How to Split a Dictionary Value into 2 Separate Key Values-CodePudding

I currently have a dictionary where the values are:

disney_data = {
    'title': ['Gus (1976)',
    'Johnny Kapahala: Back on Board (2007)',
    'The Adventures of Huck Finn (1993)',
    'The Simpsons (1989)',
    'Atlantis: Milo’s Return (2003)']
}

I would like to split up the title from the year value and have a dictionary like:

new_disney_data = {
    'title' : ['Gus',
    'Johnny Kapahala: Back on Board',
    'The Adventures of Huck Finn',
    'The Simpsons',
    'Atlantis: Milo’s Return'],
    'year' : ['1976',
    '2007',
    '1993',
    '1989',
    '2003']
}

I tried using the following, but I know something is off - I'm still relatively fresh to python so any help would be greatly apprecated!

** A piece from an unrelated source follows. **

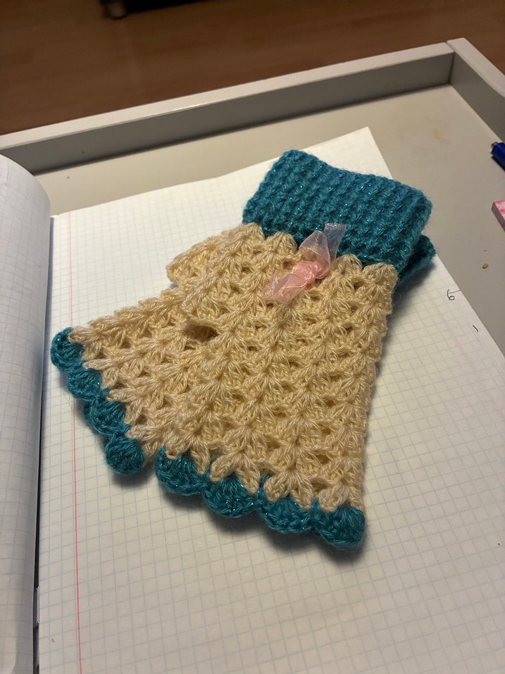 Örgü, rahat bohem tarzda kadın eldivenleri. Pastel turkuaz ve krem renkli, ince kurdele detayıyla süslenmiştir.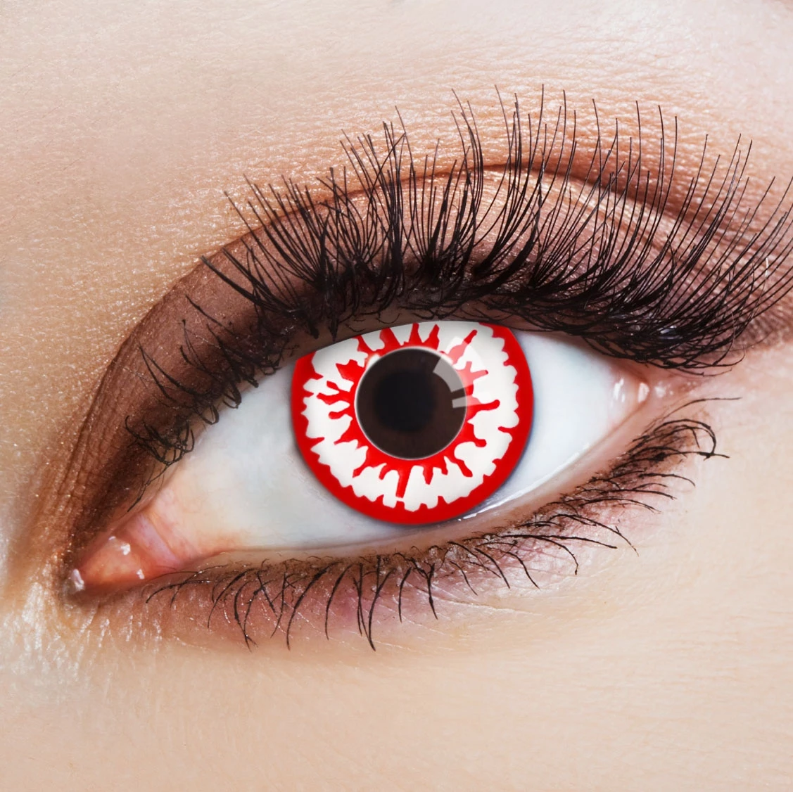 Vooral effectief zijn de ogen, waaruit de dorst naar bloed schijnt, en wiens ogen iedereen in angst en terreur plaatsen. De witte Halloween zombie-contactlenzen hebben een rode rand en zien er net zo uit als de ogen van de bloeddorstige personages die we kennen van film en televisie. Met de zombie contactlenzen u op een gekostumeerd feest staan in het midden en uw medemensen variëren in uw ogen tussen fascinatie en de wens om de veiligheid te krijgen.

for value in disney_data.values():
    new_disney_data['title'].append(title[0,-7])
    new_disney_data['year'].append(title[-7,-1])

CodePudding user response：

You're not that far off. In your for-loop you iterate over values of the dict, but you want to iterate over the titles. Also the string slicing syntax is [id1:id2]. So this would probably do what you are looking for:

new_disney_data = {"title":[], "year":[]}

for value in disney_data["title"]:
    new_disney_data['title'].append(value[0:-7])
    new_disney_data['year'].append(value[-5:-1])

CodePudding user response：

There are two concepts you can use here:

The first would be .split(). This usually works better than indexing in a string (in case someone placed a space after the brackets in the string, for example). Read more.
The second would be comprehension. Read more.

Using these two, here is one possible solution.

titles = [item.split('(')[0].strip() for item in disney_data['title']]

years = [item.split('(')[1].split(')')[0].strip() for item in disney_data['title']]

new_disney_data = {
    'title': titles,
    'year': years
}

print(new_disney_data)

Edit: I also used .strip(). This removes any trailing whitespace like spaces, tabs, or newlines from the ends of a string.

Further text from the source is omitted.